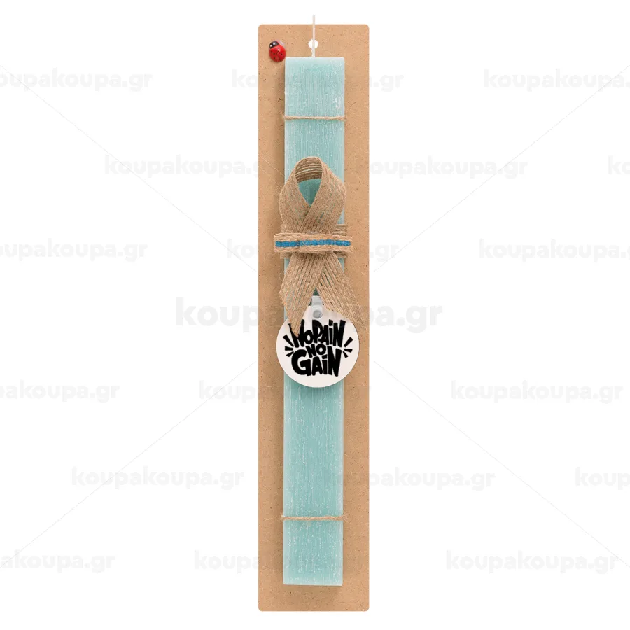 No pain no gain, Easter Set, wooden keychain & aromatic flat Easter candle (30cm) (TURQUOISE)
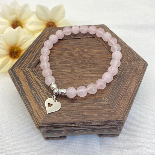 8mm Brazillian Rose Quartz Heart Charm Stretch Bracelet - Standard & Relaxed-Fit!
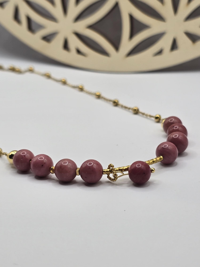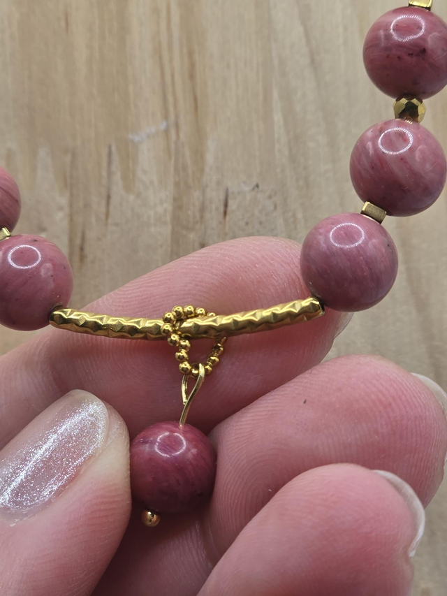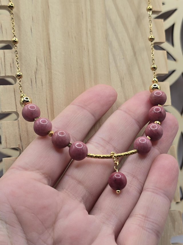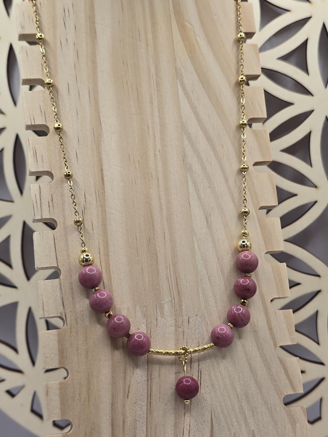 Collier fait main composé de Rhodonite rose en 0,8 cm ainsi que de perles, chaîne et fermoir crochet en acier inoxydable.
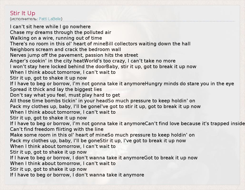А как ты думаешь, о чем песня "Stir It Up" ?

What you will do
Restate exactly, and only, the lines from the one that holds "Collier fait main" down to the last line of the material above. Omit the pictures.

Task result
 Collier fait main composé de Rhodonite rose en 0,8 cm ainsi que de perles, chaîne et fermoir crochet en acier inoxydable.
А как ты думаешь, о чем песня "Stir It Up" ?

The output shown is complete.